* [Work instructions]
Would you write out the listing verbatim and skip every picture in it?

* [Input data]
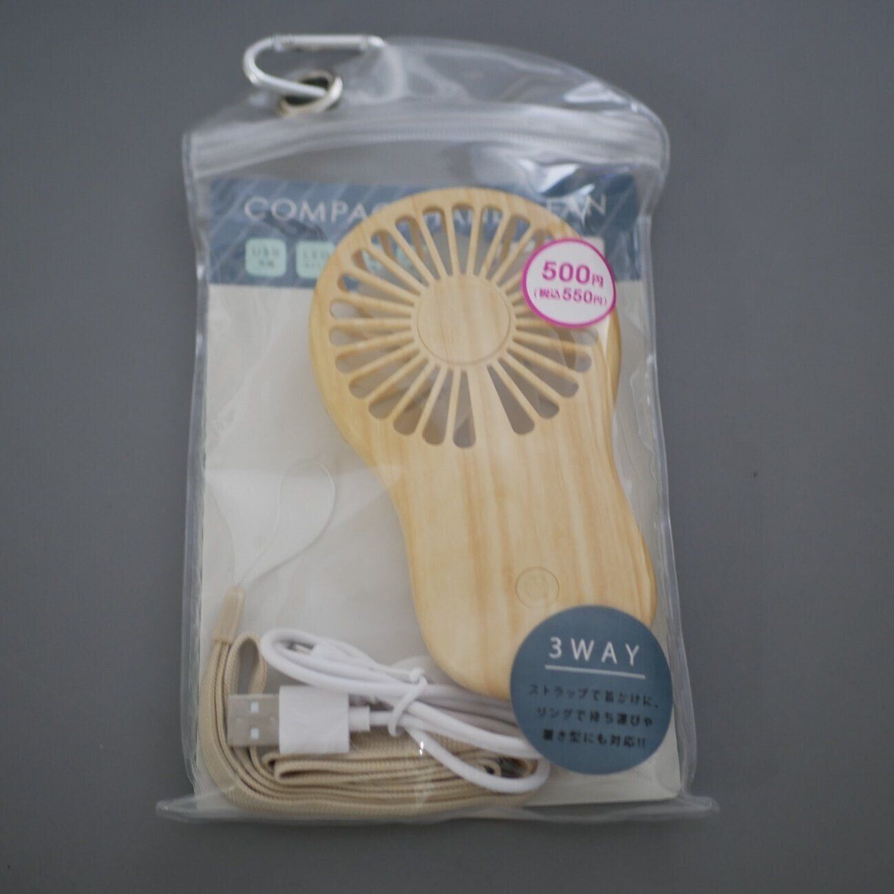 今回ご紹介するのは、ダイソーで販売されている「コンパクトハンディファン」。価格は550円です。スーパーで売っている同じような製品と比較しても、わずかですが安い。
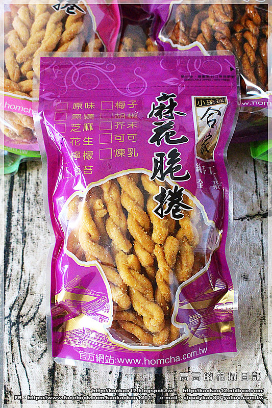 包裝袋後方也有印上合家手工麻花捲的小故事,合家是將原本粗硬且甜膩的麻花捲升級後再進化,
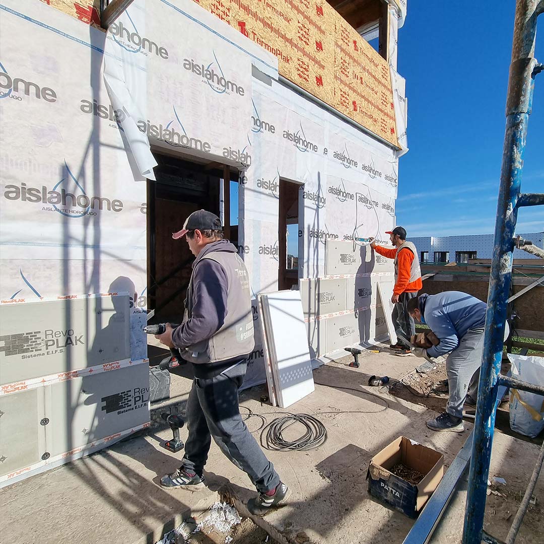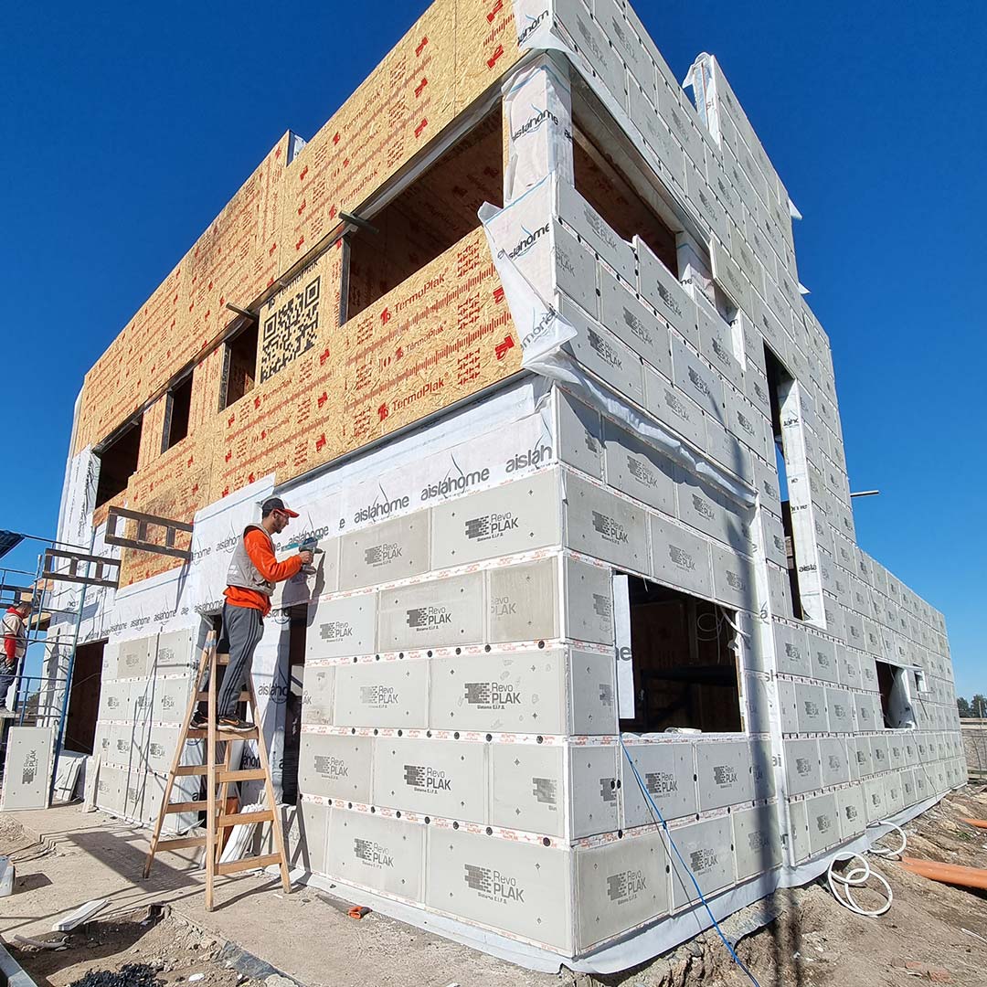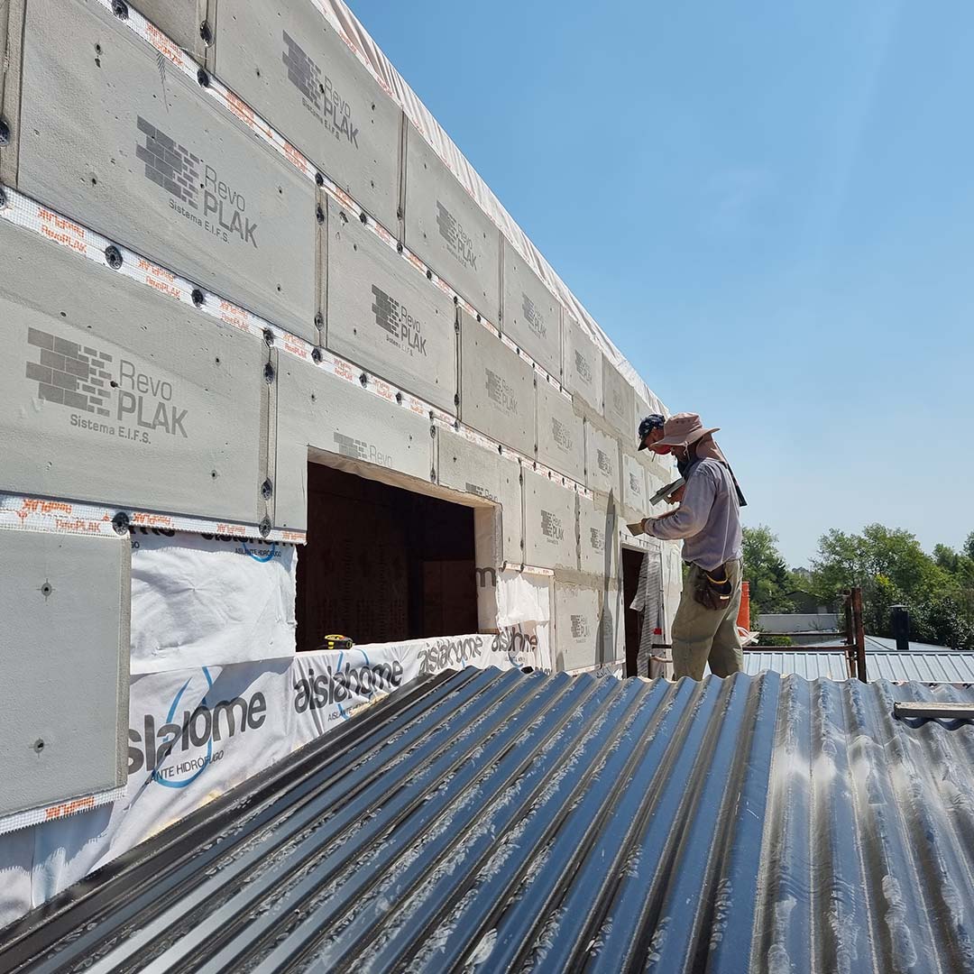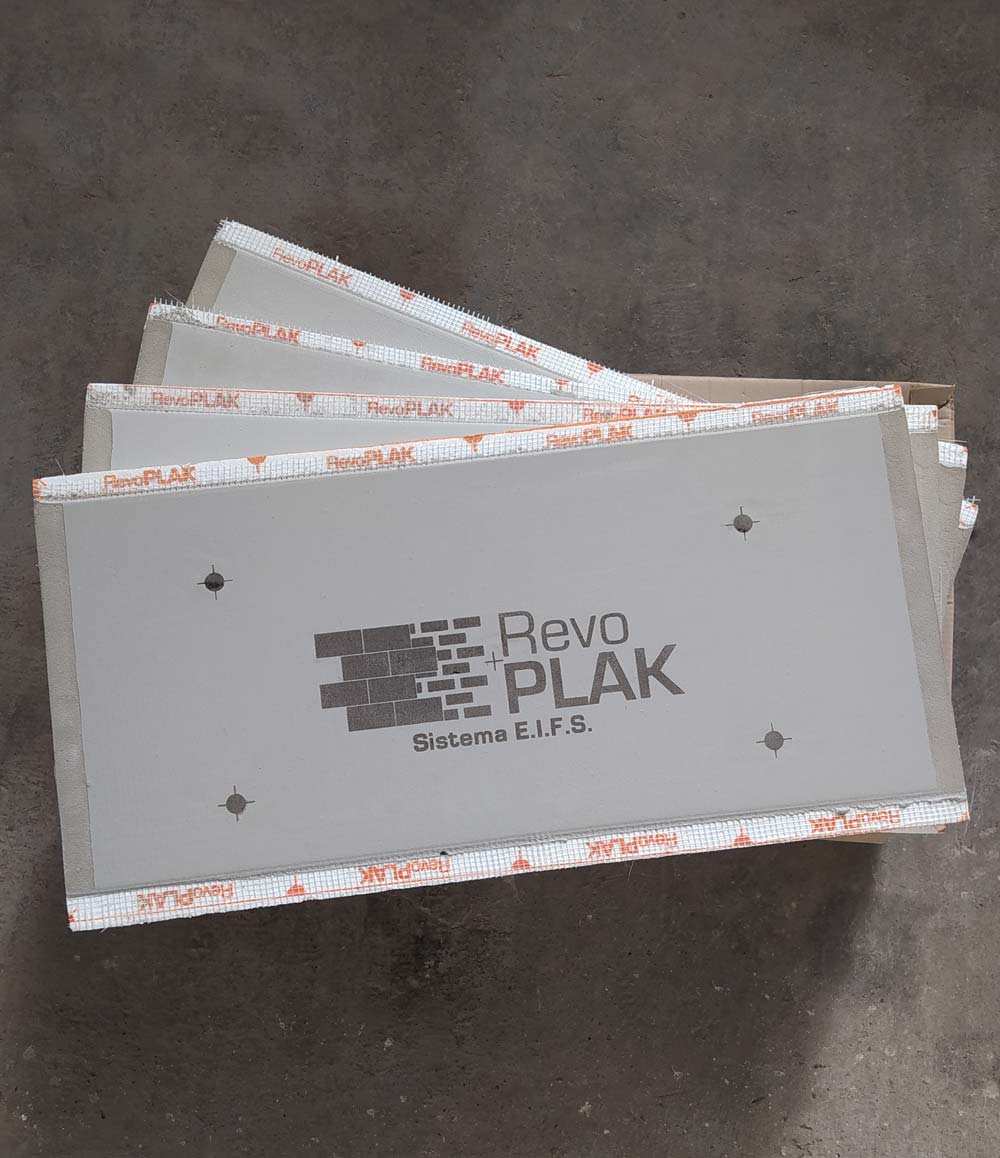 RevoPlak es una placa de revestimiento exterior aislante con revoques y terminación final incluida, que permite una rápida y práctica colocación bajo procesos eficientes.

* [Written solution]
 今回ご紹介するのは、ダイソーで販売されている「コンパクトハンディファン」。価格は550円です。スーパーで売っている同じような製品と比較しても、わずかですが安い。
 包裝袋後方也有印上合家手工麻花捲的小故事,合家是將原本粗硬且甜膩的麻花捲升級後再進化,
 RevoPlak es una placa de revestimiento exterior aislante con revoques y terminación final incluida, que permite una rápida y práctica colocación bajo procesos eficientes.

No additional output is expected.